### What needs to be done
What you return must match the records below exactly, apart from the omitted pictures.

### Records to use
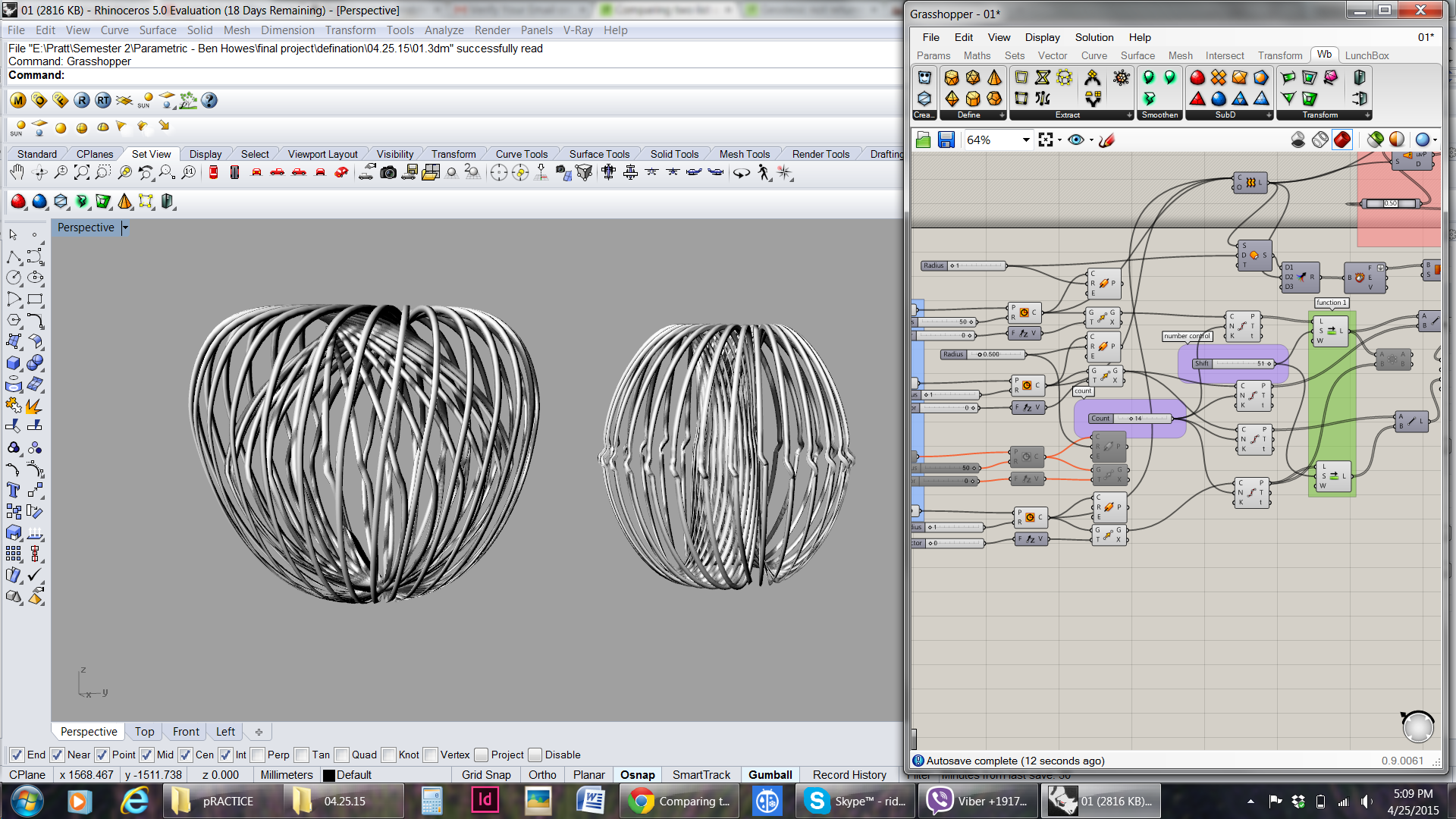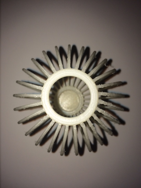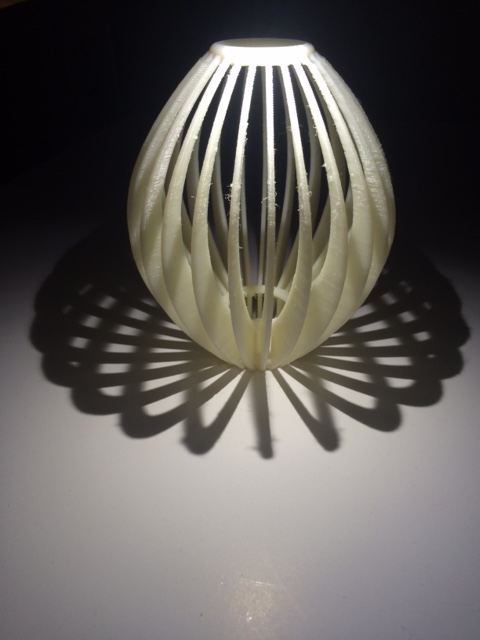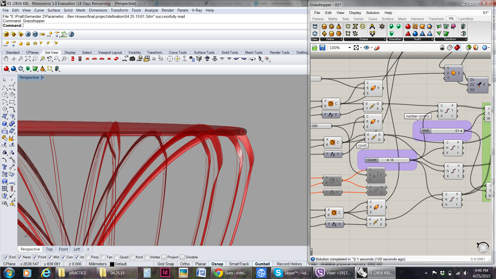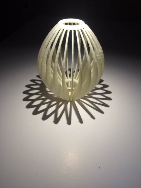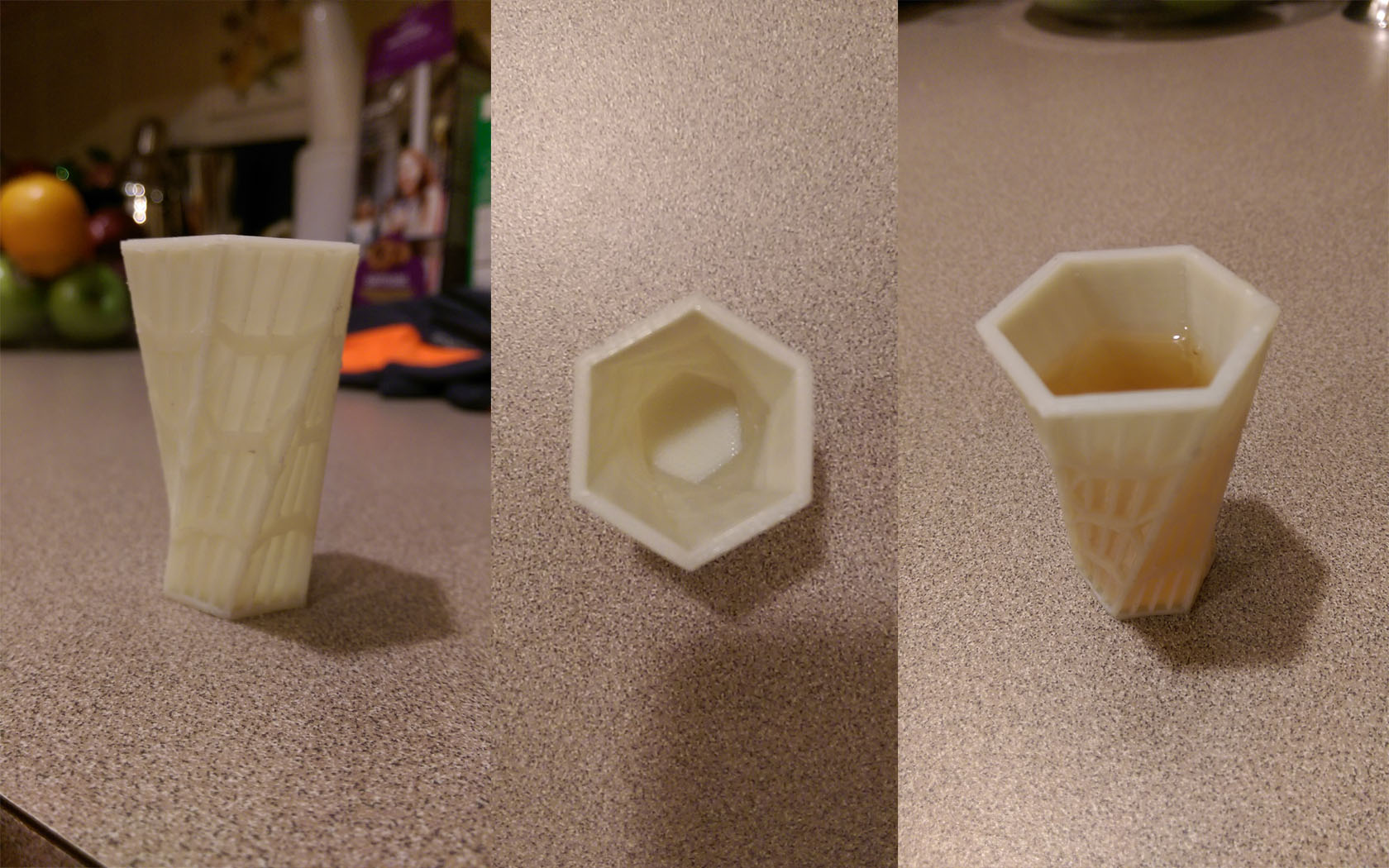 I was able to print a cup and actually make it hold liquid– rum in this case ;) It holds almost exactly 1 oz and stands about 2″ tall. The last cup I printed had holes in the base. Using my Grasshopper definition and a bit of editing in Rhino, I was able to make a solid object that printed successfully in 3 hours on the Dimension printer on campus.
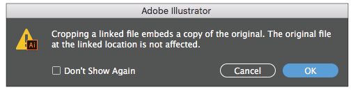 リンク画像を操作した場合、切り抜き後にリンクされたファイルが埋め込まれたことを確認するメッセージが Illustrator に表示されます。「OK」をクリックして続行します。
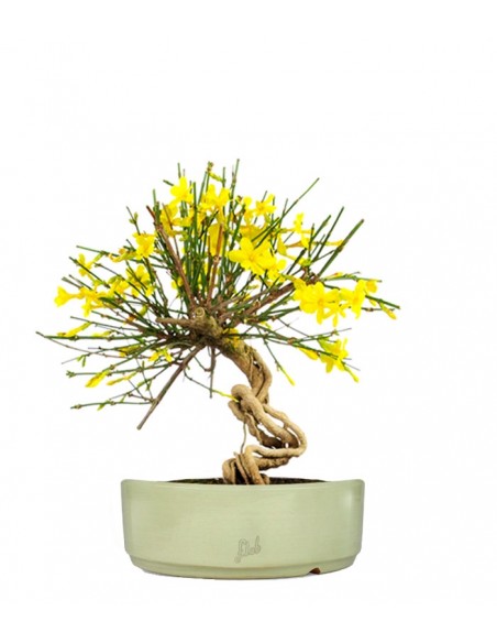 Il Gelsomino d'inverno (Jasminum Nudiflorum), è un bonsai da esterno originario della Cina e caratterizzato da rami sottili di un bel verde scuro, da foglie lucide della medesima tonalità e da piccoli fiori gialli che fanno la loro comparsa quando l'inverno comincia a volgere al termine. Il bonsai di gelsomino richiede davvero poche cure, si coltiva con facilità ed è quindi adatto anche a chi non ha grande esperienza. Si tratta, infatti, di una pianta molto rustica che apprezza qualsiasi posizione anche se, in pieno sole, offre una fioritura più abbondante. In caso di inverni particolarmente rigidi è consigliabile fornire al bonsai di Jasminum Nudiflorum una protezione di tessuto non tessuto così da evitare che il gelo danneggi i boccioli.
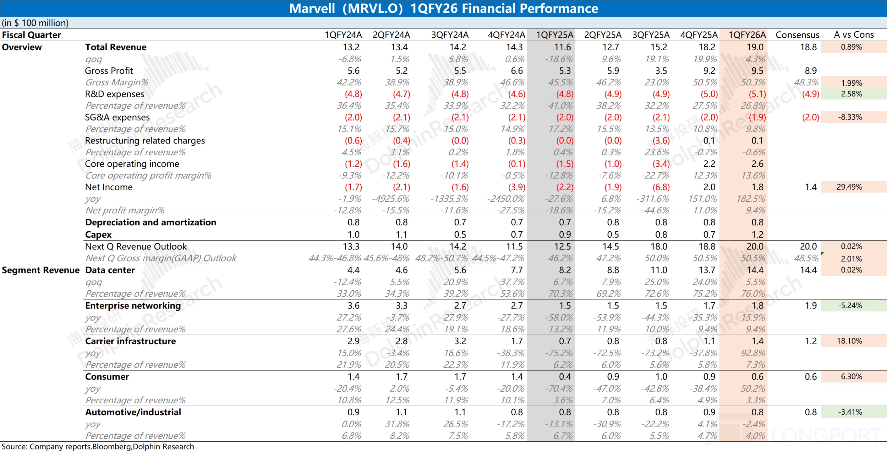 Marvell Technology (MRVL.O) released its Q1 2026 fiscal year earnings (ending April 2025) after U.S. market close on May 30, Beijing time:
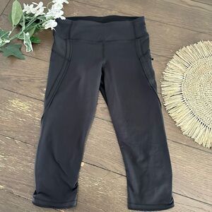 Lululemon Capris Leggings in Black size 4 ruched style on hems pockets
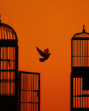 A bird takes flight near a cage, silhouetted against a vibrant orange and yellow sky. The image displays dramatic lighting, highlighting the bird's wings. This conceptual image can be used for various design projects, including themes of freedom and liberation, and editorial content.
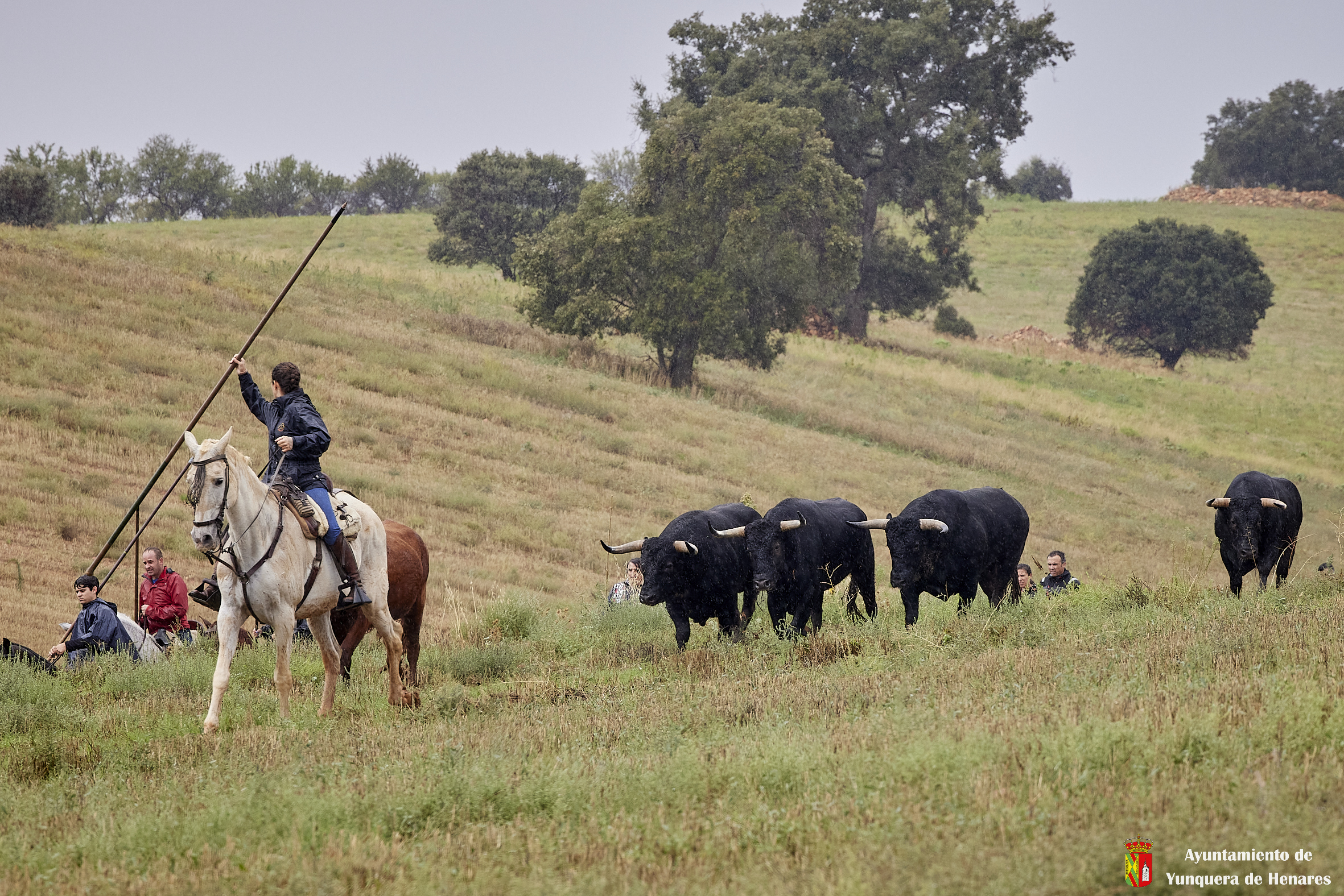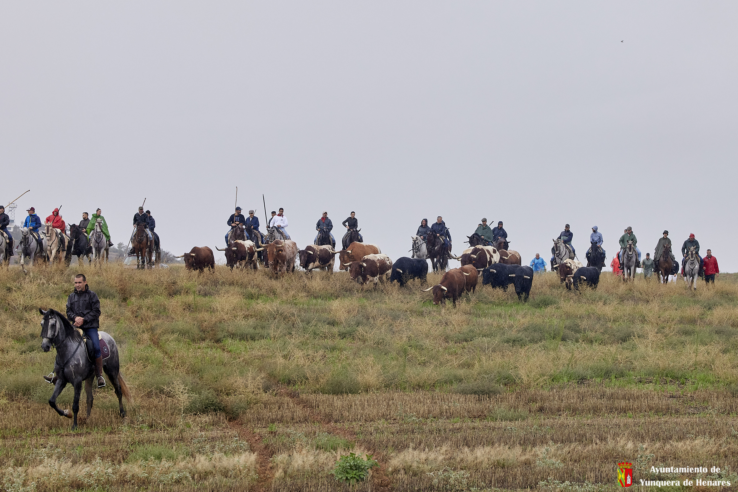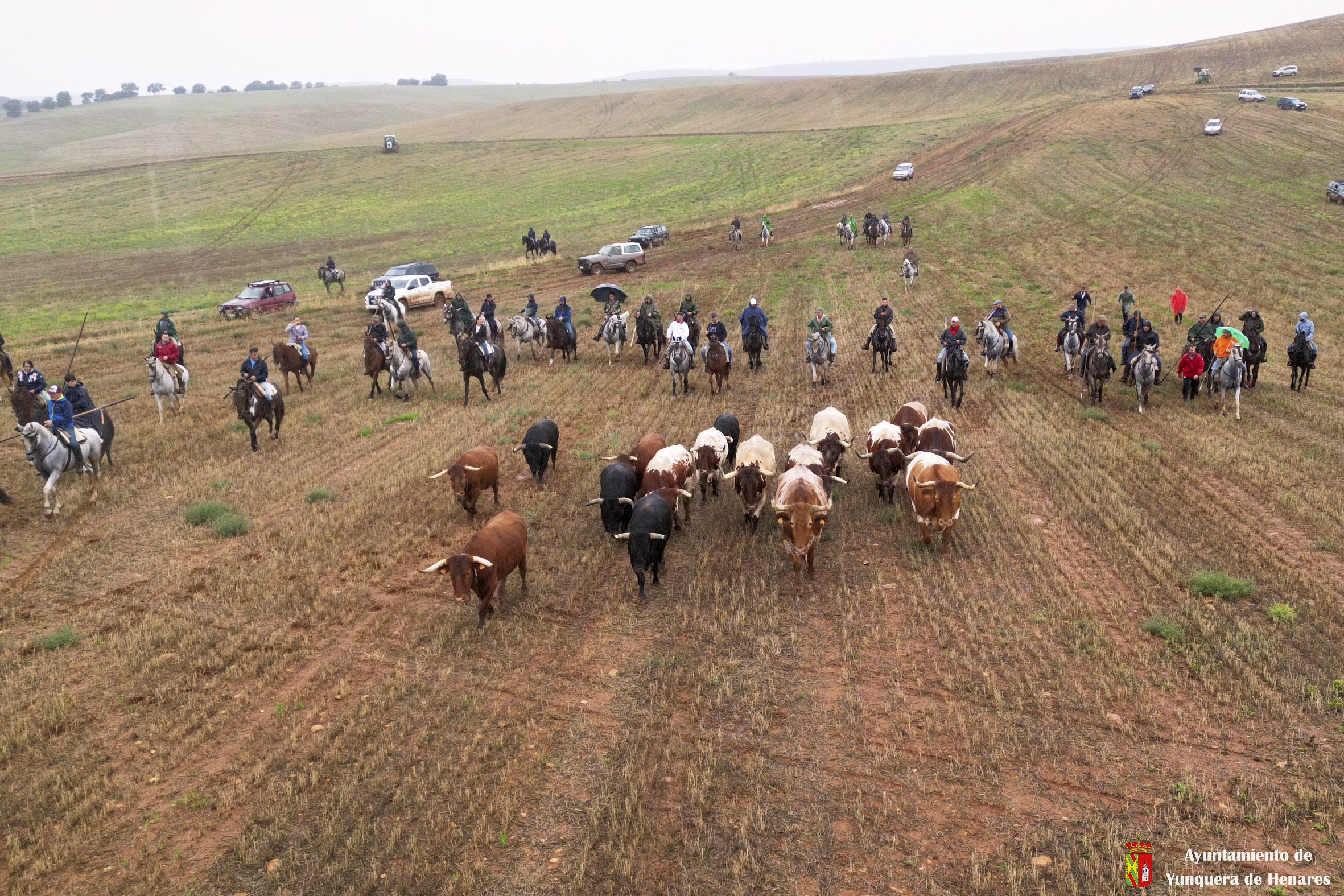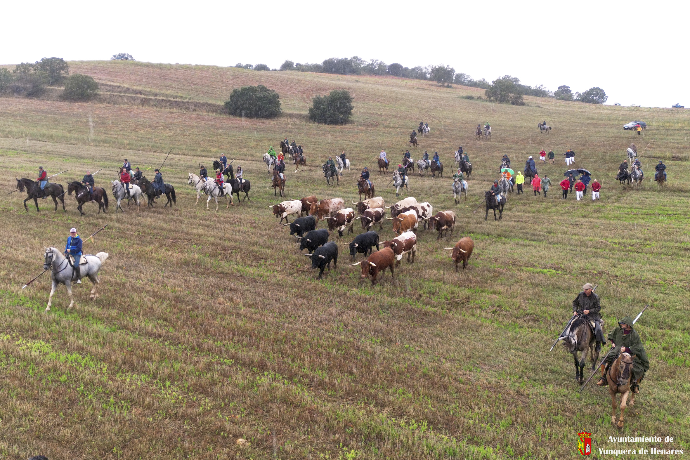 La tradicional Bajada de Yunquera de Henares se ha celebrado con normalidad a pesar de la lluvia. En torno a las diez y media de la mañana salían los utreros de la ganadería de Sandra Sopeña junto a bueyes y caballistas camino de la Plaza de toros de «Las Traviesas».

### Result for this exercise
 I was able to print a cup and actually make it hold liquid– rum in this case ;) It holds almost exactly 1 oz and stands about 2″ tall. The last cup I printed had holes in the base. Using my Grasshopper definition and a bit of editing in Rhino, I was able to make a solid object that printed successfully in 3 hours on the Dimension printer on campus.
 リンク画像を操作した場合、切り抜き後にリンクされたファイルが埋め込まれたことを確認するメッセージが Illustrator に表示されます。「OK」をクリックして続行します。
 Il Gelsomino d'inverno (Jasminum Nudiflorum), è un bonsai da esterno originario della Cina e caratterizzato da rami sottili di un bel verde scuro, da foglie lucide della medesima tonalità e da piccoli fiori gialli che fanno la loro comparsa quando l'inverno comincia a volgere al termine. Il bonsai di gelsomino richiede davvero poche cure, si coltiva con facilità ed è quindi adatto anche a chi non ha grande esperienza. Si tratta, infatti, di una pianta molto rustica che apprezza qualsiasi posizione anche se, in pieno sole, offre una fioritura più abbondante. In caso di inverni particolarmente rigidi è consigliabile fornire al bonsai di Jasminum Nudiflorum una protezione di tessuto non tessuto così da evitare che il gelo danneggi i boccioli.
 Marvell Technology (MRVL.O) released its Q1 2026 fiscal year earnings (ending April 2025) after U.S. market close on May 30, Beijing time:
 Lululemon Capris Leggings in Black size 4 ruched style on hems pockets
 A bird takes flight near a cage, silhouetted against a vibrant orange and yellow sky. The image displays dramatic lighting, highlighting the bird's wings. This conceptual image can be used for various design projects, including themes of freedom and liberation, and editorial content.
 La tradicional Bajada de Yunquera de Henares se ha celebrado con normalidad a pesar de la lluvia. En torno a las diez y media de la mañana salían los utreros de la ganadería de Sandra Sopeña junto a bueyes y caballistas camino de la Plaza de toros de «Las Traviesas».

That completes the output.